IPython Notebook here.
We further want to analyze which stroke is the most effective one that pushes the model’s decision towards the target class. The approach is: for images in each class, add strokes one-by-one and keep track of the probability of target class as it changes. The definitive stroke is the one that gives the most significant probability increase. We visualize three pairs of most similiar classes and their corresponding definitive strokes.
We wrote two demos in which the player gets hint about whether a stroke is good or bad and Sketch RNN. In both demos, the player is asked to draw a flamingo.
To know whether a stroke is good or bad, we track the probability of the desired class as the player is drawing. If the player's current stroke lowers that probability, it is retracted.
Sketch RNN[2](architecture below) is a sequence-to-sequence model for sketch generation.
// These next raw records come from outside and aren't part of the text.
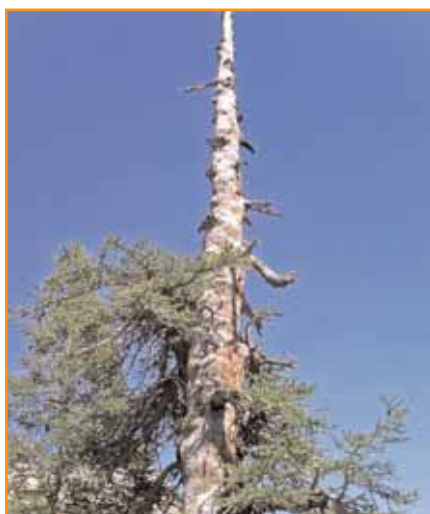
Ce vieux mélèze fixe du carbone depuis plus de 400 ans, ce qui vient d'être reconnu.

La mission des CRPF s'en trouve amendée : "les méthodes de sylviculture qu'ils encouragent à adopter doivent être compatibles, notamment, avec une bonne valorisation de la biomasse."
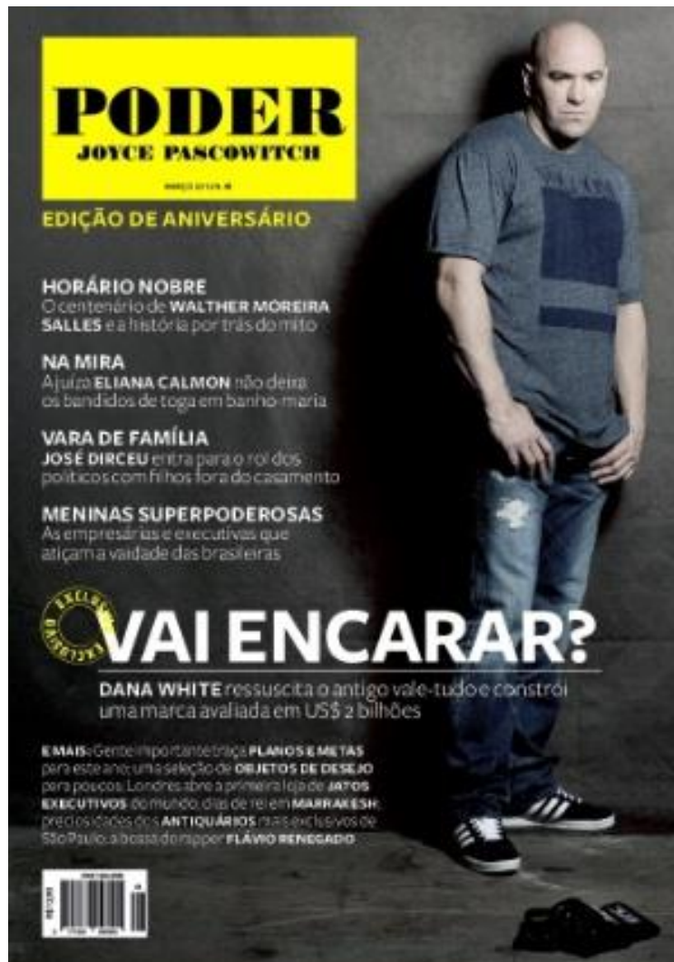
Edição 48, março de 2012
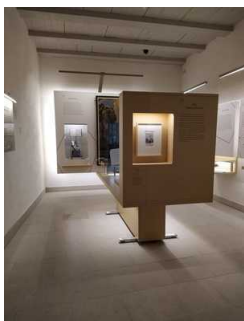
Rundweg Ausstellung Erdgeschoss
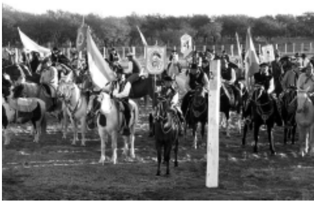
VIENE DE TAPA

La fiesta «Patria Gaucha» de la localidad de Luan Toro, es considerada desde la Subsecretaría de Turismo como «una actividad recreativa y de turismo, que pone en valor lo tradicional y lo nuestro, además de provocar un movimiento inusual en la localidad».
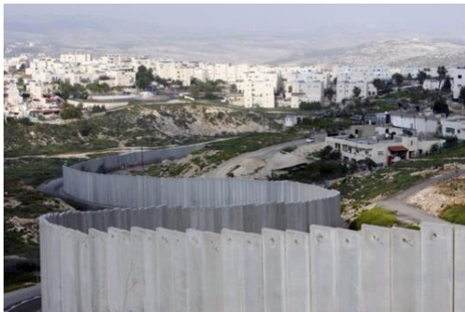
Abbildung 19: Die Sperranlage zwischen Israel und dem Westjordanland

Der Konflikt um die Geburtskirche in Bethlehem wurde nach mehrmaligem Scheitern mit einem Kompromiss beigelegt: Einige Palästinenser gingen ins Exil, einige mussten in palästinensische Gefängnisse, die Mehrheit durfte ohne Strafe in den Palästinensergebieten bleiben. Die Militäraktionen in Dschenin und Bethlehem beeindruckten die radikalen Palästinensergruppen nicht.
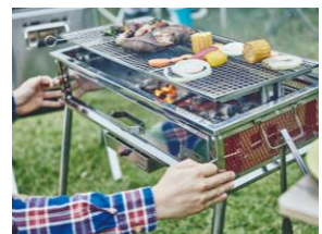
網の高さを3段階に調整可能
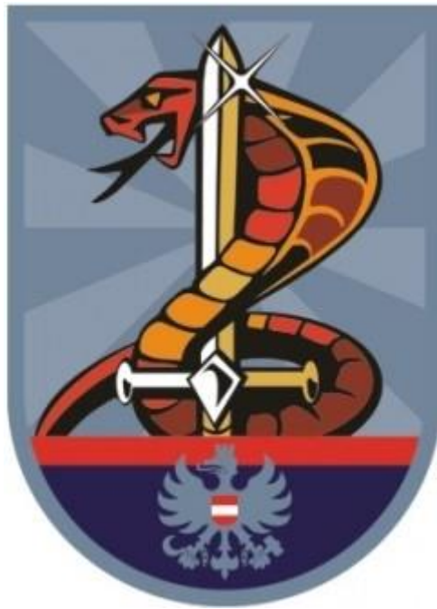
EKO Cobra Rakousko
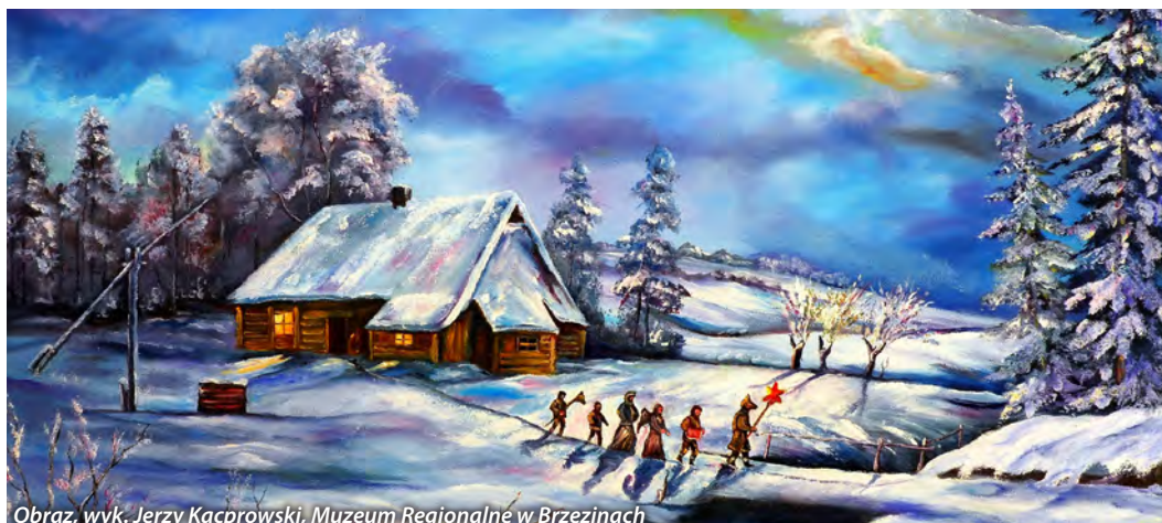
Obraz, wyk. Jerzy Kacprowski, Muzeum Regionalne w Brzezinach
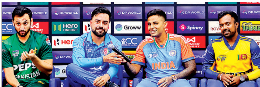
मीडिया को संबोधित करते पाकिस्तानी कप्तान सलमान अली आगा, अफगानिस्तान के कप्तान राशिद खान, भारतीय कप्तान सूर्यकुमार यादव और श्रीलंका के कप्तान चरित असलंका।

खिताब का प्रबल दावेदार भारत एशिया कप टी-20 क्रिकेट टूर्नामेंट में बुधवार को यहां जब मेजबान संयुक्त अरब अमीरात (यूएई) के खिलाफ अपने अभियान की शुरुआत करेगा तो ऑलराउंडर के जरिए टीम में पर्याप्त संतुलन स्थापित करने की कोशिश करेगा। भारत हालांकि अभी तक यह तय नहीं कर पाया है कि इस मुकाबले में तीसरे स्पिनर या विशेषज्ञ तेज गेंदबाज के साथ उतरना है या नहीं। मुख्य कोच गौतम गंभीर के कार्यभार संभालने के बाद से भारत ने सभी प्रारूपों में ऑलराउंडर को प्राथमिकता दी है। ऐसा विशेष कर बल्लेबाजी को मजबूत करने के लिए किया गया है ताकि आठवें नंबर तक उसके पास अच्छे बल्लेबाज रहे। अमीरात के खिलाफ मैच 14 सितंबर को पाकिस्तान के खिलाफ होने वाले महत्वपूर्ण मैच से पहले अभ्यास मैच की तरह होगा। कमजोर मानी जाने वाली यह टीम भारतीय टीम प्रबंधन को इस बात का अंदाजा देगी कि टूर्नामेंट में आगे बढ़ने के लिए किस संयोजन के साथ मैदान में उतरना बेहतर होगा। यूएई के खिलाड़ियों के लिए यह सबसे बड़ा मैच होगा।
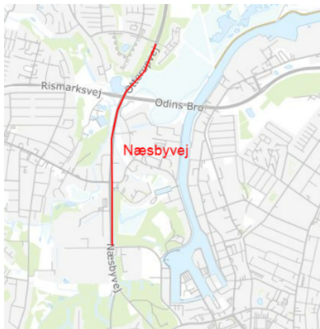
Kortudsnit over potentiel busbane på Næsbyvej.

Strækningen har ligeledes været nævnt i rådgivernes bud på en grøn mobilitetsplan for Odense, hvorfor strækningen vurderes relevant i denne sammenhæng.
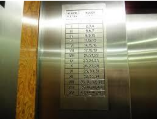
Numery pięter w windzie
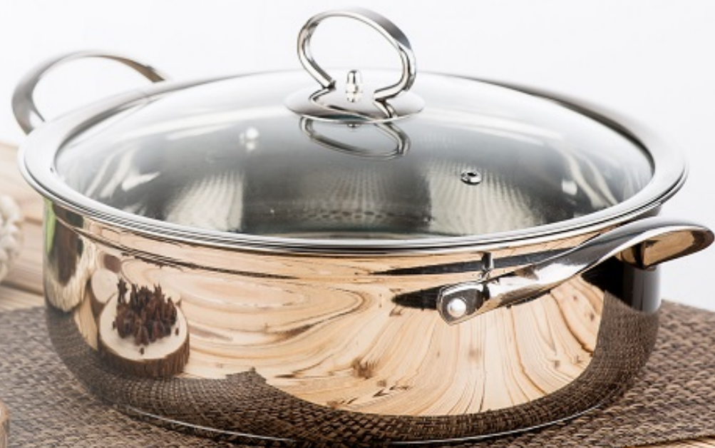
纳福火锅 ( 26-30cm )
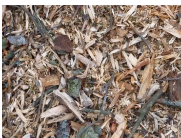
Flis klar til supplerig, hvis/når det bliver nødvendigt. Nærbillede af supplerende flis.
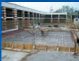
Avvio del cantiere per i nuovi loculi

Nei primi giorni di settembre hanno preso il via i lavori per la realizzazione dei due nuovi corpi loculi nel Cimitero comunale. Un primo blocco di 70 loculi sono già stati messi in vendita.
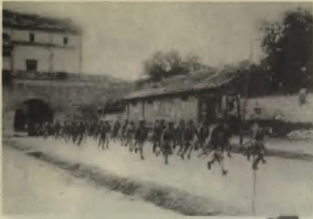
1937年7月7日，日本帝国主义发动芦沟桥事变，我宛平守军赶赴芦沟桥抵御日寇

We only use the decoder part and at each time feed the player's strokes into the decoder so that the model outputs next strokes as hints to the player.
[1] Zhou, Bolei, Aditya Khosla, Agata Lapedriza, Aude Oliva, and Antonio Torralba. "Learning deep features for discriminative localization." CVPR 2016.
[2] Ha, David, and Douglas Eck. "A neural representation of sketch drawings." ICLR 2018.